Stajić was born in Mokrin. He went to high school in Kikinda, Sremski Karlovci and Senj. As a student he was expelled from the Karlovci Gymnasium. He studied law, then philosophy in Budapest, Paris and Leipzig. He graduated in 1902 in Budapest.
In 1904 and 1905, he taught at Pakrac and at Pljevlja gymnasium, where he had a colleague, professor and historian Gligorije Elezović.

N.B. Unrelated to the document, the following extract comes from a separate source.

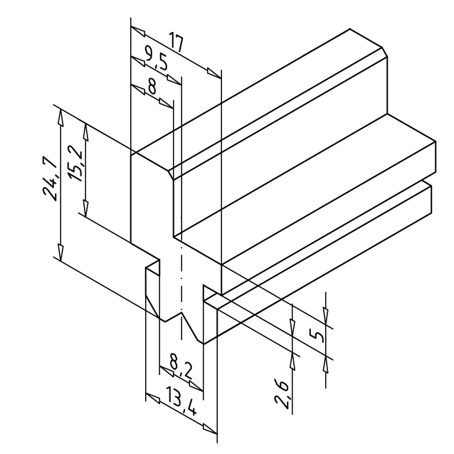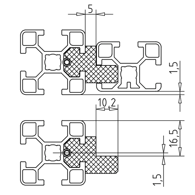 Kotno drsno vodilo 30 za natančno vodeno gibanje vrat in elementov pod kotom v industrijskih konstrukcijah.

Vasa Stajić published a socialist journal called Novi Srbin and Prosveta magazine and, because of his ideas, he was frequently arrested and questioned by the authorities. In Novi Sad, he became secretary of the Matica srpska, one of the most important Serbian cultural institutions of the Kingdom of Serbs, Croats and Slovenes and of the Kingdom of Yugoslavia, and in 1921 and 1936 he was editor of "Letopis" (Chronicle), the official organ of this institution.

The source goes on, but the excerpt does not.